If you do need to create your own reference metadata bundle, the following section gives some more specific guidance on how to create some of the more important files. It is assumed that you already have a reference genome in indexed fasta format.

  • reference.ploidymap.txt
  • This is a simple text file (whitespace delimited, no column headers). If this file is not provided, most of the code will assume a default ploidy of 2, although currently SVPreprocess requires a ploidy map.

    Currently, only organisms with a human-like XY sex determination system are fully supported. Here is an example based on human GRCh37:

    X  2699521  154931043  F  2
    X  2699521  154931043  M  1
    Y        1   59373566  F  0
    Y        1   59373566  M  1
    *        *          *  *  2
    

    The first column specifies a chromosome or sequence name. The next two columns are 1-based inclusive start and end positions of a region with uniform (possibly gender-dependent) ploidy. The fourth column indicates a gender (or * for any gender) and the fifth column gives the expected integral ploidy for the combination of region and gender. An asterisk in any column is interpreted as a wild card. Thus, the last line in the example indicates that all human chromosomes other than X and Y have an expected ploidy of 2. We do not currently try to handle mitochondrial DNA in the ploidy map.

  • reference.gendermask.bed
  • This is a bed file that is used to mask regions with unreliable read depth on human sex chromosomes. This is currently used only for automated gender estimation during preprocessing. You can optionally create such a mask manually to help with gender estimation if appropriate for your organism and reference genome.

  • reference.svmask.fasta
  • This alignability mask is computed based on the reference genome and a default k-mer length, using the Genome STRiP ComputeGenomeMask utility.

    Selecting a good k-mer length is currently a bit fiddly. The k-mer length used should be based on the shortest read length in the majority of your data set, although for human we have been satisfied with using a 100bp alignability mask for data sets with longer reads (e.g. 150 or 250bp). If most of your reads will be 100bp or longer, you can simply create and use a 100bp alignability mask. Using a slightly shorter k-mer mask (relative to your input data read lengths) is preferable to using one where the k-mer size is too long relative to most of the input data, however it also does not seem to matter much if only a small fraction of your input data has reads shorter than the target k-mer size.

  • reference.gcmask.fasta
  • If this file is not provided, GC-bias estimation will be performed using the entire genome.

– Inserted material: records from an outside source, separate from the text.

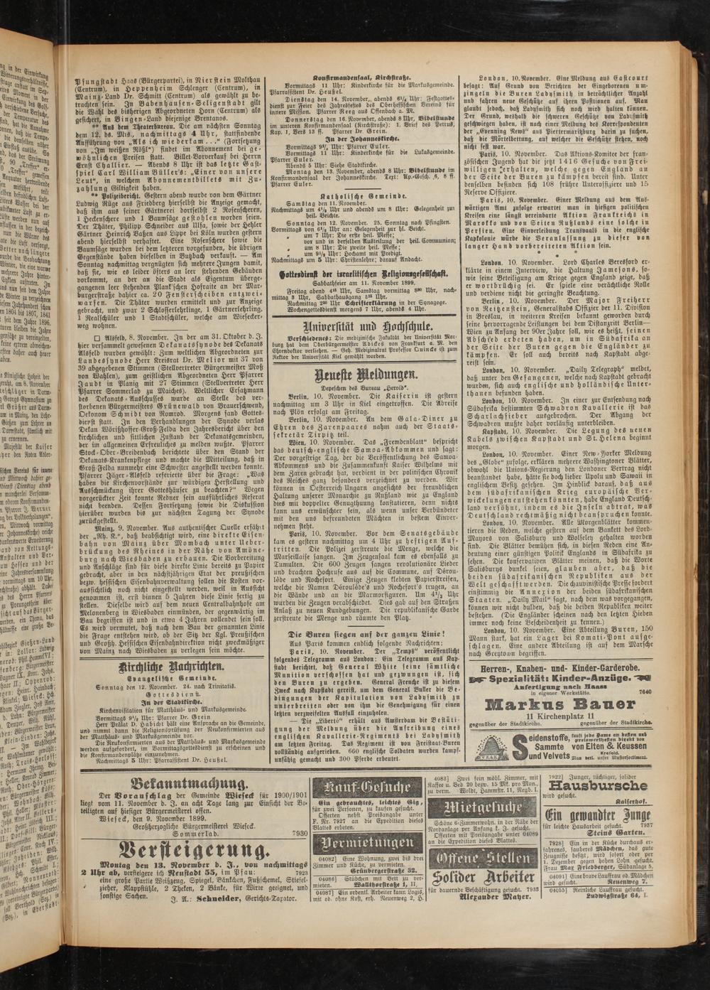 Donnerstag den 16. November, abends 8 Uhr, Bibelstunde im unteren Konfirmandensaal (Kirckstraße): 1. Brief des PetruS, Kap. 1, Vers 13 ff. Pfarrer Dr Grein.
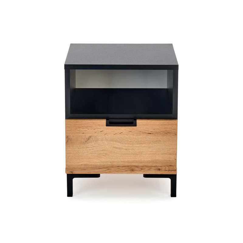 Szafka Nocna SILVIA – Nowoczesny Design z Akcentem Dębu Wotan i CzerniSzafka nocna SILVIA to mebel, który wyróżnia się odważnym, geometrycznym designem i modnym połączeniem ciepłego dębu wotan z głęboką czernią, idealnie pasującym do nowoczesnych, loftowych oraz awangardowych sypialni. Jej oryginalna konstrukcja sprawia, że jest nie tylko funkcjonalnym, ale i dekoracyjnym elementem wnętrza. Główne cechy produktu:
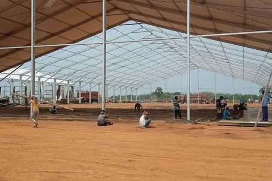 অপরদিকে এদিন জিন্দাল ক্যাম্পাসেও প্রস্তুতি ঘিরেও চরম ব্যস্ততা দেখা গিয়েছে। মণ্ডপ তৈরির কাজ আগেই শুরু হয়েছিল। গতকাল বৃহস্পতিবার ঝড়বৃষ্টিতে মণ্ডপের একাংশ ভেঙে পড়ে। তবে রাতের মধ্যেই সেই মণ্ডপ ফের মাথা তুলে দাঁড় করানো সম্ভব হয়েছে। জিন্দাল কর্তারা জানিয়েছেন, মূলমঞ্চের কোনও ক্ষতি হয়নি। হ্যাঙার লাগানোর কাজ চলছিল। তারই মধ্যে ঝড়বৃষ্টিতে ওই বিপত্তি ঘটে। তবে তা বড় কিছু নয়। ঝড়বৃষ্টির কথা মাথায় রেখে শক্তপোক্ত তাঁবু খাটানো হচ্ছে বলে খবর। এদিকে মঙ্গলবার কলেজ ময়দানে মুখ্যমন্ত্রীর সভায় জনসমাগম করতে দলের বিধায়ক ও ব্লক সভাপতিদের নিয়ে বৈঠক করেন তৃণমূল কংগ্রেস বিধায়ক তথা সাংগঠনিক জেলা সভাপতি সুজয় হাজরা। হাজির ছিলেন মন্ত্রী শ্রীকান্ত মাহাতো, বিধায়ক দীনেন রায়, পরেশ মুর্মু, সভাধিপতি প্রতিভা মাইতি, জেলা পরিষদের দলনেতা মহম্মদ রফিক, প্রাক্তন বিধায়ক প্রদ্যোৎ ঘোষ প্রমুখ। সুজয়বাবু বলেছেন, “প্রশাসনের কাজ প্রশাসন করবে। তবে দলের নেতা-কর্মীরা সেদিন মুখ্যমন্ত্রীকে স্বাগত জানাতে কলেজ ময়দানে হাজির থাকবেন।”
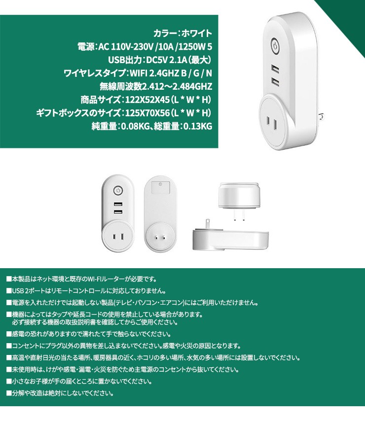 | 商品名 | スマートプラグ【Smart Socket】遠隔操作プラグ ワイヤレス USB充電 |
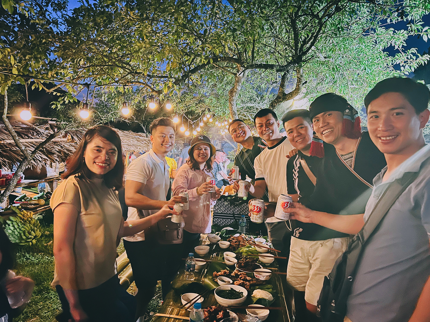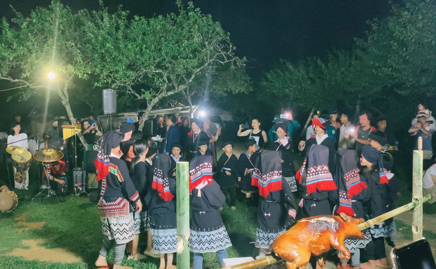 Khi mặt trời lặn, du khách nghe bà con dân tộc biểu diễn văn nghệ, thưởng thức đồ nướng ngay tại chỗ, chụp ảnh cùng trẻ em vùng cao...
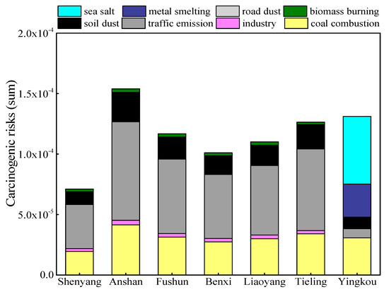 Figure 8 shows the carcinogenic risks of each source in the seven cities. From the figure, Anshan had the highest carcinogenic risk at 1.54 × 10−4, while Shenyang had the lowest risk at 7.12 × 10−5. In the six cities other than Yingkou, only road dust had a combined single-factor risk value of less than 10−6, below the level of causing a cancer risk. The carcinogenic risks of the other five pollution sources were between 10−4 and 10−6. Traffic emission and coal combustion both cause a high risk of cancer. In Yingkou, sea salt and coal combustion pose the highest cancer risks. Therefore, the cumulative carcinogenic risks caused by coal sources should be paid close attention to in urban agglomerations.

We have not investigated how important it is to filter the reference genome when estimating GC-bias.

    One tool you can use to help create this mask file is the BedFileToGenomeMask utility. You would first create a merged bed-file of all of the regions you want to exclude (regions of the genome known to have variable ploidy, sex chromosomes, miscellaneous contigs, perhaps annotations from repeat masker, etc.) and then convert the resulting bed file to a genome mask (fasta file) and index the fasta file.

  • reference.lcmask.fasta
  • A genome mask (in indexed fasta format) that masks low-complexity sequence and is used in read-depth analysis.

    This file is optional. For human, we created this mask using BedFileToGenomeMask based on the repeat masker track from the UCSC genome browser and selecting regions from categories "Low_complexity", "Satellite" or "Simple_repeat".

  • reference.rdmask.bed
  • A bed file specifying a set of regions to use for overall sequencing depth estimation. For human, we used all of the base autosomal sequence in the reference genome. You should create a bed file that excludes sex chromosomes or any other contigs known to have variable ploidy.

  • reference.gcprof.zip
  • It is not necessary to create this file in your reference metadata bundle. If it is not present, the SVPreprocess pipeline will create the same file locally in your dataset metadata directory.

  • reference.dict
  • A picard-format dictionary file for the reference genome. See the Picard documentation for the CreateSequenceDictionary utility.

  • mdversion.txt
  • Used for version control, you can copy this from any human reference metadata bundle.